L’ultimo rapporto dell’IPCC sui cambiamenti climatici – Luc Thibault, Pasquale Cordua

Siberia: bruciano oltre 1.5 milioni di ettari di boschi

Un incremento di 1,5°C! E’ questo il livello del riscaldamento globale che sarà raggiunto nel 2030, cioè dieci anni prima di quanto già previsto dalle precedenti analisi climatologiche.

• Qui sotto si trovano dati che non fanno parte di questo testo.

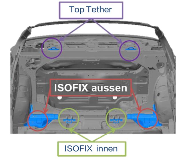 全系标配两套兼容欧标和美标带TOP Tether上部第三固定点的ISOFIX儿童座椅固定装置,可将儿童座椅与车身紧密固定在一起,可在危险发生时最大化的保护车内儿童的乘坐安全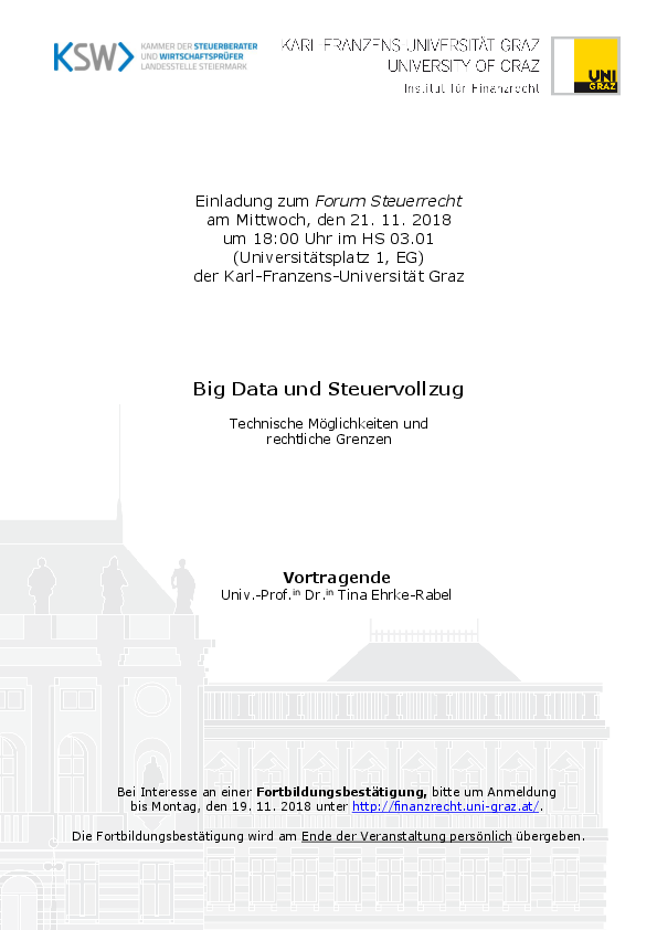 Termin: Mittwoch, 21.11.2018; 18:00 Uhr im HS 03.01, Universitätsplatz 1, EG der Karl-Franzens-Universität Graz (ein Campusplan ist hier abrufbar).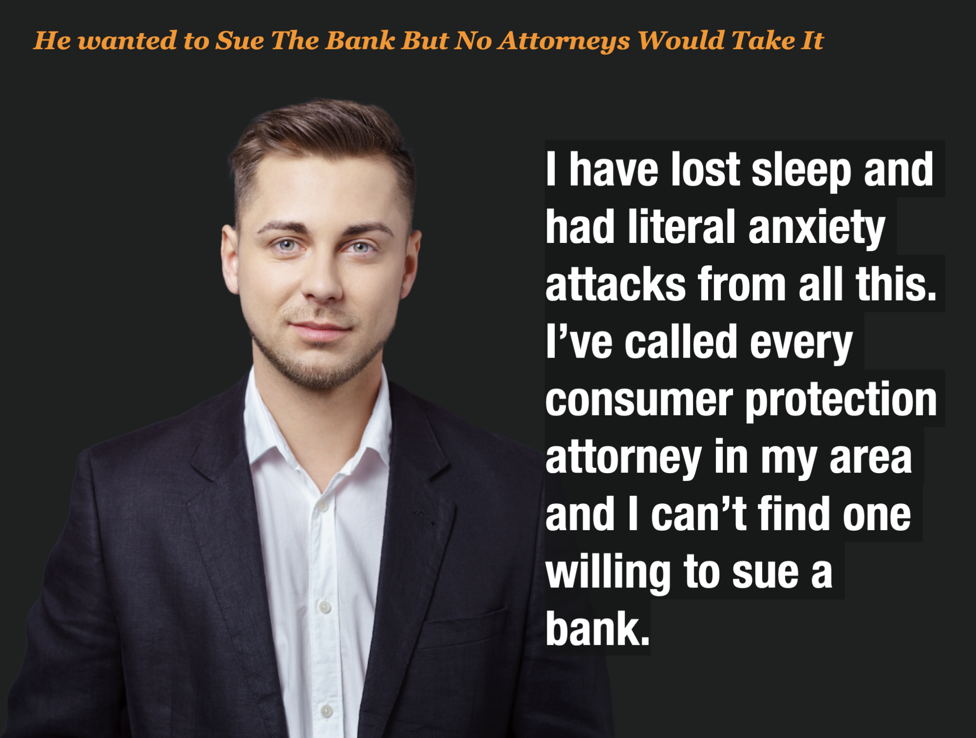“I have lost sleep and had literal anxiety attacks from all this. I’ve called every consumer protection attorney in my area and I can’t find one willing to sue a bank.”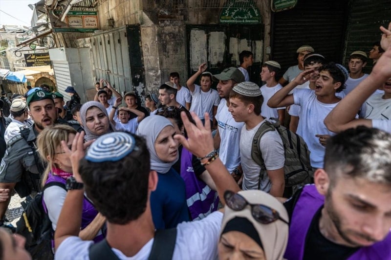 Her yıl düzenlenen ve işgalin meşrulaştırılmaya çalışıldığı “bayrak yürüyüşü”, yine tansiyonu yükseltti. On binlerce İsrailli, ırkçı ve provokatif sloganlarla Şam Kapısı’ndan geçerek Eski Şehir’e yürüdü. İsrail polisi, bu yürüyüş öncesinde Doğu Kudüs’te sıkı güvenlik önlemleri aldı, geçiş noktalarına bariyerler kurarak Filistinlilerin hareket alanını daralttı.

L’ultimo rapporto del Gruppo Intergovernativo sui Cambiamenti Climatici (IPCC)1 è stato pubblicato il 9 agosto del 2021 e non lascia dubbi su una serie di variabili analizzate riguardanti i cambiamenti del clima della Terra.

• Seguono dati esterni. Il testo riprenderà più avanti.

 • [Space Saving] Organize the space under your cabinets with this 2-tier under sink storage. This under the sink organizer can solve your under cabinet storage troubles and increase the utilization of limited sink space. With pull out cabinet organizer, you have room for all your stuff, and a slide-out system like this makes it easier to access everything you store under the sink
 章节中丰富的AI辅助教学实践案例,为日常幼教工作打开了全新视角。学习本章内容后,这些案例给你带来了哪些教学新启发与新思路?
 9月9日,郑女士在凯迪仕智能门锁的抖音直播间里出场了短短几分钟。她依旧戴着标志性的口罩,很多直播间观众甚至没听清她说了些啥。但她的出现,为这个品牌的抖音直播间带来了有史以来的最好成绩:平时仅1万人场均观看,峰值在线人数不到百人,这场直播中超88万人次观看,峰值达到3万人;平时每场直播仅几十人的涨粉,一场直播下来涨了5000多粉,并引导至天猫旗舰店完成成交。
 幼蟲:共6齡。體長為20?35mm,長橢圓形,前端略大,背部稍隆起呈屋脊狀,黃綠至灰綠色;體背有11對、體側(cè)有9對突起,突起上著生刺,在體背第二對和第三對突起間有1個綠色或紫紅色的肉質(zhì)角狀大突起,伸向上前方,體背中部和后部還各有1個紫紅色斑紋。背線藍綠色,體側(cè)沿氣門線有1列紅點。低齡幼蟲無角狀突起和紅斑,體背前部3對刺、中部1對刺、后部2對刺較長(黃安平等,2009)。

Molti di questi cambiamenti sono senza precedenti in migliaia, se non centinaia di migliaia di anni, e alcuni tra quelli che sono già in atto – come il continuo aumento del livello del mare – sono irreversibili in centinaia o migliaia di anni.

Le conclusioni cui è giunto il Rapporto Climate Change 2021 hanno fatto notizia sulla stampa e sui social aprendo la strada a numerose dichiarazioni e reazioni, ma per noi è essenziale capire le lezioni che esso offre e le critiche che possiamo mettere in campo contro le decisioni ed i provvedimenti che i vari governi attueranno dando per sicuro che nessun paese del mondo si piegherà a “riforme” strutturali e radicali per riparare i danni che il modo di produzione capitalistico, e non una generica attività umana, hanno provocato al pianeta.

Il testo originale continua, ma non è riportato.